** Opening DATA SECTION block **
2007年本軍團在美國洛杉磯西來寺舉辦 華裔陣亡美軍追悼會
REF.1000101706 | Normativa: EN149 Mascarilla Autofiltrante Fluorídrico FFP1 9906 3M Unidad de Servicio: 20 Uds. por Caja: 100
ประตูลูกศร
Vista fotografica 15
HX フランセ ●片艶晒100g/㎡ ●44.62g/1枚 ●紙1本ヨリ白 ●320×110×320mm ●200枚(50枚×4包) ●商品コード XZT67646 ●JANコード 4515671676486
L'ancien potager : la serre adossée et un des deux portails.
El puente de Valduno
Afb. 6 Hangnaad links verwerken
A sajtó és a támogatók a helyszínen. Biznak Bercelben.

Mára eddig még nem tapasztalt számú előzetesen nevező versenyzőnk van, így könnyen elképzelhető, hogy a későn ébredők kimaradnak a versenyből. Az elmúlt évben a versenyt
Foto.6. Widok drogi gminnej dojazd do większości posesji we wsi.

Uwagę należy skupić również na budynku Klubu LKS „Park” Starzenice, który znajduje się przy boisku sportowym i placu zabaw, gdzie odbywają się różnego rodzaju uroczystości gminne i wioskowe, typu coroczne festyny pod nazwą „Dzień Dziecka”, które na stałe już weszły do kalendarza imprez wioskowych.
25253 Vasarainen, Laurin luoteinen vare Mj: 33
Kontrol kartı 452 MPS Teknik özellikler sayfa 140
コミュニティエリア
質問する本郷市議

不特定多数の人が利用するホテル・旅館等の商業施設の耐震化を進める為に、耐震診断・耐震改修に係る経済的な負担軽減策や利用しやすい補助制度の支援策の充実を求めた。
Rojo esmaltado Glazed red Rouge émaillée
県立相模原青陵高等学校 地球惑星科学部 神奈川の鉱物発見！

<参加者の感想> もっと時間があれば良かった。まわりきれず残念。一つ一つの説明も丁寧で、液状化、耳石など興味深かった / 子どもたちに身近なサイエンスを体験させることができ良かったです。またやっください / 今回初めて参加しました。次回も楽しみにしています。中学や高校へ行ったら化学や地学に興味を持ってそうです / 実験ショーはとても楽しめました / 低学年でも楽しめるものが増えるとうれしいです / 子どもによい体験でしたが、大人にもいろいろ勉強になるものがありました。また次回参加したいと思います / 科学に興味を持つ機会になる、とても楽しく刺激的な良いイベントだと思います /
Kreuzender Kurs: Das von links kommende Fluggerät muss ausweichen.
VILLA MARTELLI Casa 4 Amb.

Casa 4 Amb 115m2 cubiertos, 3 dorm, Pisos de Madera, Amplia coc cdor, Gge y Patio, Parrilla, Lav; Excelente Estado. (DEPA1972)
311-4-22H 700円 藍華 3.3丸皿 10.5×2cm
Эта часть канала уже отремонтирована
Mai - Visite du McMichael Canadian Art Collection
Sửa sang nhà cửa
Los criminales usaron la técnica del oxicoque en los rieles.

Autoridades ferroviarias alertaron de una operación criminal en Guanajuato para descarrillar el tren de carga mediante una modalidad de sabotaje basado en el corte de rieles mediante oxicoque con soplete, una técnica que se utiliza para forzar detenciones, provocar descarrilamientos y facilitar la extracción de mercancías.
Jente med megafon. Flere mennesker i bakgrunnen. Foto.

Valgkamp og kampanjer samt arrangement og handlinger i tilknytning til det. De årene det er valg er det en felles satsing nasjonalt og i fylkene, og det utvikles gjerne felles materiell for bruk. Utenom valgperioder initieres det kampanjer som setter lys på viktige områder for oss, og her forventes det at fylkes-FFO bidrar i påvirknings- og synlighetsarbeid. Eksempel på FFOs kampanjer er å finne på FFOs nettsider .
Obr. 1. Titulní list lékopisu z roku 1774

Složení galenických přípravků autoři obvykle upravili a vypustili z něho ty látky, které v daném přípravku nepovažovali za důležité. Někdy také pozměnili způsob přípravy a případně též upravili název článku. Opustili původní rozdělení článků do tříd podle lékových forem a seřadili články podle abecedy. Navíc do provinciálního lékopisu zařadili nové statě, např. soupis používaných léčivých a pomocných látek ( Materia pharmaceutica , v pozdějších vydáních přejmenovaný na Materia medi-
** Closing DATA SECTION block **
#### WORK INSTRUCTIONS
Each of the records should be retyped exactly.

#### EXERCISE RESPONSE
2007年本軍團在美國洛杉磯西來寺舉辦 華裔陣亡美軍追悼會
REF.1000101706 | Normativa: EN149 Mascarilla Autofiltrante Fluorídrico FFP1 9906 3M Unidad de Servicio: 20 Uds. por Caja: 100
ประตูลูกศร
Vista fotografica 15
HX フランセ ●片艶晒100g/㎡ ●44.62g/1枚 ●紙1本ヨリ白 ●320×110×320mm ●200枚(50枚×4包) ●商品コード XZT67646 ●JANコード 4515671676486
L'ancien potager : la serre adossée et un des deux portails.
El puente de Valduno
Afb. 6 Hangnaad links verwerken
A sajtó és a támogatók a helyszínen. Biznak Bercelben.

Mára eddig még nem tapasztalt számú előzetesen nevező versenyzőnk van, így könnyen elképzelhető, hogy a későn ébredők kimaradnak a versenyből. Az elmúlt évben a versenyt
Foto.6. Widok drogi gminnej dojazd do większości posesji we wsi.

Uwagę należy skupić również na budynku Klubu LKS „Park” Starzenice, który znajduje się przy boisku sportowym i placu zabaw, gdzie odbywają się różnego rodzaju uroczystości gminne i wioskowe, typu coroczne festyny pod nazwą „Dzień Dziecka”, które na stałe już weszły do kalendarza imprez wioskowych.
25253 Vasarainen, Laurin luoteinen vare Mj: 33
Kontrol kartı 452 MPS Teknik özellikler sayfa 140
コミュニティエリア
質問する本郷市議

不特定多数の人が利用するホテル・旅館等の商業施設の耐震化を進める為に、耐震診断・耐震改修に係る経済的な負担軽減策や利用しやすい補助制度の支援策の充実を求めた。
Rojo esmaltado Glazed red Rouge émaillée
県立相模原青陵高等学校 地球惑星科学部 神奈川の鉱物発見！

<参加者の感想> もっと時間があれば良かった。まわりきれず残念。一つ一つの説明も丁寧で、液状化、耳石など興味深かった / 子どもたちに身近なサイエンスを体験させることができ良かったです。またやっください / 今回初めて参加しました。次回も楽しみにしています。中学や高校へ行ったら化学や地学に興味を持ってそうです / 実験ショーはとても楽しめました / 低学年でも楽しめるものが増えるとうれしいです / 子どもによい体験でしたが、大人にもいろいろ勉強になるものがありました。また次回参加したいと思います / 科学に興味を持つ機会になる、とても楽しく刺激的な良いイベントだと思います /
Kreuzender Kurs: Das von links kommende Fluggerät muss ausweichen.
VILLA MARTELLI Casa 4 Amb.

Casa 4 Amb 115m2 cubiertos, 3 dorm, Pisos de Madera, Amplia coc cdor, Gge y Patio, Parrilla, Lav; Excelente Estado. (DEPA1972)
311-4-22H 700円 藍華 3.3丸皿 10.5×2cm
Эта часть канала уже отремонтирована
Mai - Visite du McMichael Canadian Art Collection
Sửa sang nhà cửa
Los criminales usaron la técnica del oxicoque en los rieles.

Autoridades ferroviarias alertaron de una operación criminal en Guanajuato para descarrillar el tren de carga mediante una modalidad de sabotaje basado en el corte de rieles mediante oxicoque con soplete, una técnica que se utiliza para forzar detenciones, provocar descarrilamientos y facilitar la extracción de mercancías.
Jente med megafon. Flere mennesker i bakgrunnen. Foto.

Valgkamp og kampanjer samt arrangement og handlinger i tilknytning til det. De årene det er valg er det en felles satsing nasjonalt og i fylkene, og det utvikles gjerne felles materiell for bruk. Utenom valgperioder initieres det kampanjer som setter lys på viktige områder for oss, og her forventes det at fylkes-FFO bidrar i påvirknings- og synlighetsarbeid. Eksempel på FFOs kampanjer er å finne på FFOs nettsider .
Obr. 1. Titulní list lékopisu z roku 1774

Složení galenických přípravků autoři obvykle upravili a vypustili z něho ty látky, které v daném přípravku nepovažovali za důležité. Někdy také pozměnili způsob přípravy a případně též upravili název článku. Opustili původní rozdělení článků do tříd podle lékových forem a seřadili články podle abecedy. Navíc do provinciálního lékopisu zařadili nové statě, např. soupis používaných léčivých a pomocných látek ( Materia pharmaceutica , v pozdějších vydáních přejmenovaný na Materia medi-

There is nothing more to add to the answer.